Part 25 (2/2)
He grinned down upon me from his height.
”How should I know what time it went to bed?” he asked, with a laugh in his voice. ”I never raised a baby. I've come to talk about it, though.”
”Look here, Deacon Daniel,” I cried out, with affected indignation, ”I will not have my baby called 'it,' as if she were a stick or a stock!”
He laughed outright at this; then at my invitation sat down beside me.
We were silent for a time, looking at the color fading in the west, and the single star swimming out of the purple as the sky changed into gray.
The frogs were working at their music with all the persistence of a child strumming five-finger exercises, but their noise only made the evening more peaceful.
”How restful it is,” I said to him at last; ”it almost makes one feel there can never be any fretting again about anything.”

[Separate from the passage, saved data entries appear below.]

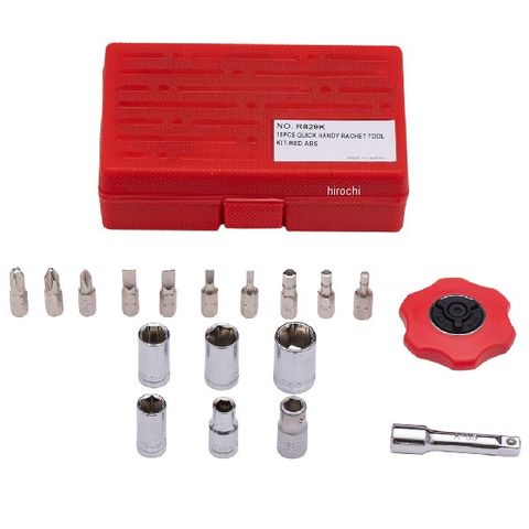 :収納に便利でコンパクトな専用ケース付き。送り角5度で細かい作業にも対応します。六角ソケットは、オートバイ整備でよく使用する6、8、10、11、12mmのセット。
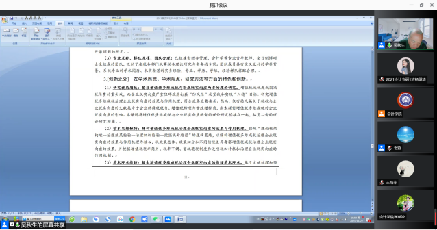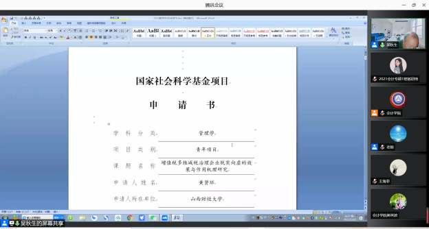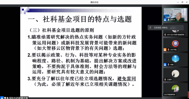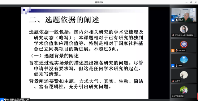 本网讯(会计学院 供稿)11月22日下午18:00,山西财经大学会计学院院长吴秋生应kaiyun官网会计学院邀请,以线上腾讯会议的方式为我院师生作题为“财会类国家社科基金项目的选题与申请书撰写”的学术报告。本次会议由会计学院梁毕明院长主持,kaiyun体育网页登录入口会计学院、研究生学院、科研处、吉林省企业财务与会计研究中心联合主办。与会人员主要包括会计学院教师、2020、2021级全日制研究生共同参与聆听。
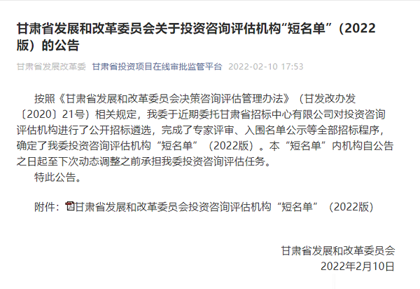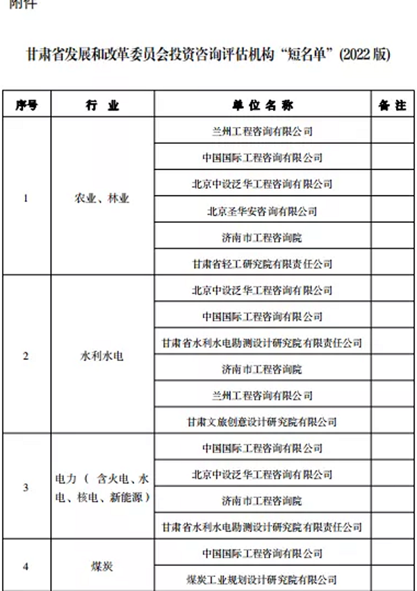 近日,省發(fā)改委公布2022年進入省發(fā)改委投資咨詢評估機構(gòu)企業(yè)名單,甘肅省水利水電勘測設(shè)計研究院有限責任公司成功入圍三個行業(yè)板塊。
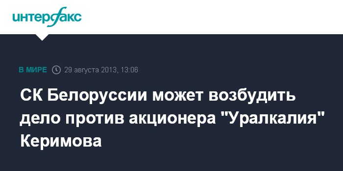 Минск. 29 августа. INTERFAX.RU - Следственный комитет Белоруссии намерен возбудить уголовное дело в отношении крупнейшего акционера ОАО "Уралкалий" Сулеймана Керимова, сообщил агентству "Интерфакс-Запад" официальный представитель СК Павел Траулько.
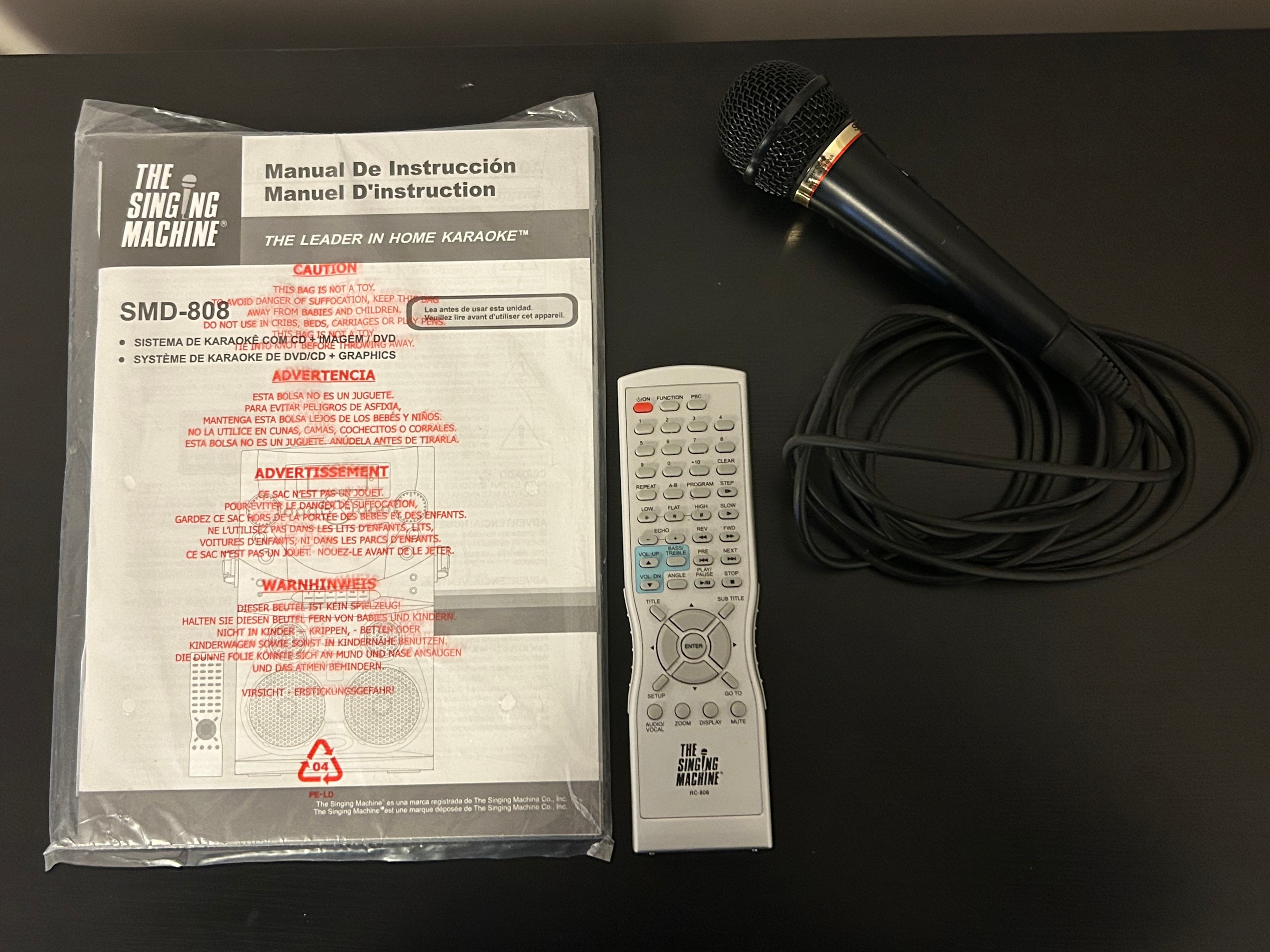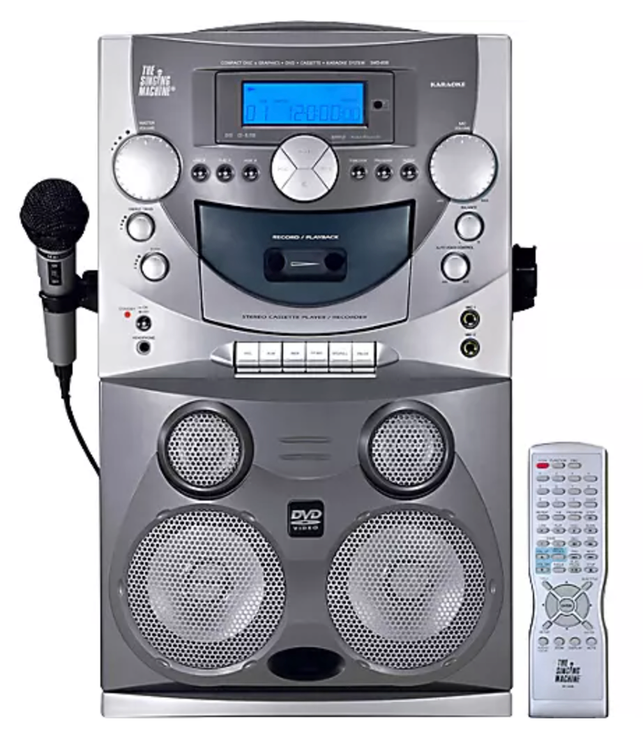 "The Singing Machine" SMD-808 DVD/CD Sony Karaoke System is a top-load CD+Graphics/DVD player that offers a lot of fun karaoke functions. It features CDR/CDRW/MP3/Kodak Picture CD/Windows Media playback; cassette deck; video output; audio aux input/aux output; LCD screen; two mic inputs with volume control, reverb, digital pitch fix, balance control, and tone control.

Deacon Daniel did not answer for a moment, then he said with the solemnity of one who seldom puts sentiment into words,--
”It is like the Twenty-third Psalm.”
I simply a.s.sented, and then we were silent again, until at last he moved as if he were waking himself, and sighed. I always wonder whether somewhere in the past Deacon Richards has had his romance, and if so what it may have been. If he has, a night like this might well bring it up to his memory. I am glad if it comes to him with the peace of a psalm.
”Have you thought, Miss Ruth,” the Deacon asked at length in the growing dark, ”what a responsibility you are taking upon yourself in having that baby?”
It was like the dear old man to have considered me and to look at the moral side of the question. He wanted to help me, I could see; and of course he cannot understand how entirely religious one may be without theology. I told him I had thought of it very seriously; and it seemed to me sometimes that it was more than I was equal to. But I added that I could not help thinking I could do better by baby than Mrs. Webbe.
”Mrs. Webbe is no sort of a woman to bring up a child,” he agreed. Then he added, with a shrewdness that surprised me a little: ”Babies have got to be given baby-treatment as well as baby-food.”
”Of course they have,” was my reply. ”Babies have a right to love as well as to milk, and poor little Thomasine would get very little from her grandmother.”
Deacon Daniel gave a contemptuous snort.
”That woman couldn't really love anything,” he declared; ”or if she did she'd show it by being hateful.”
I said she certainly loved Tom.
”Yes,” he retorted; ”and she's nagged him to death. For my part I can't more than half blame Tom Webbe as I ought to, when I think of his having had his mother to thorn him everlastingly.”
”Then you do think it's better for baby to be with me than with her grandmother?” I asked him.
”It's a hundred times better, of course; but I wondered if you'd thought of the responsibility of its--of her religious instruction.”
We had come to the true kernel of the Deacon's errand. I really believe that in his mind was more concern for me than for baby. He is always unhappy that I am not in the fold of the church; and I fancy that more or less consciously he was making of Thomasine an excuse for an attempt to reach me. It is not difficult to understand his feeling. Mother used to affirm that believers are anxious to proselyte because they cannot bear to have anybody refuse to acknowledge that they are right. This is not, I am sure, the whole of it. Of course no human being likes to be thought wrong, especially on a thing which, like religion, cannot be proved; but there is a good deal of genuine love in the attempt of a man like Deacon Daniel to convert an unbeliever. He is really grieved for me, and I would do anything short of actual dishonesty to make him suppose that I believed as he would have me. I should so like him to be happy about my eternal welfare. When the future does not in the least trouble me, it seems such a pity that he should be disturbed.
I told him to-night I should not give baby what he would call religious instruction, but I should never interfere if others should teach her, if they made what is good attractive.
”But you would tell her that religion isn't true,” he objected.
”Oh, no;” I answered. ”I should have to be honest, and tell her if she asked that I don't believe we know anything about another life; but of course as far as living in this one goes I shouldn't disagree with religion.”
He tried to argue with me, but I entirely refused to be led on.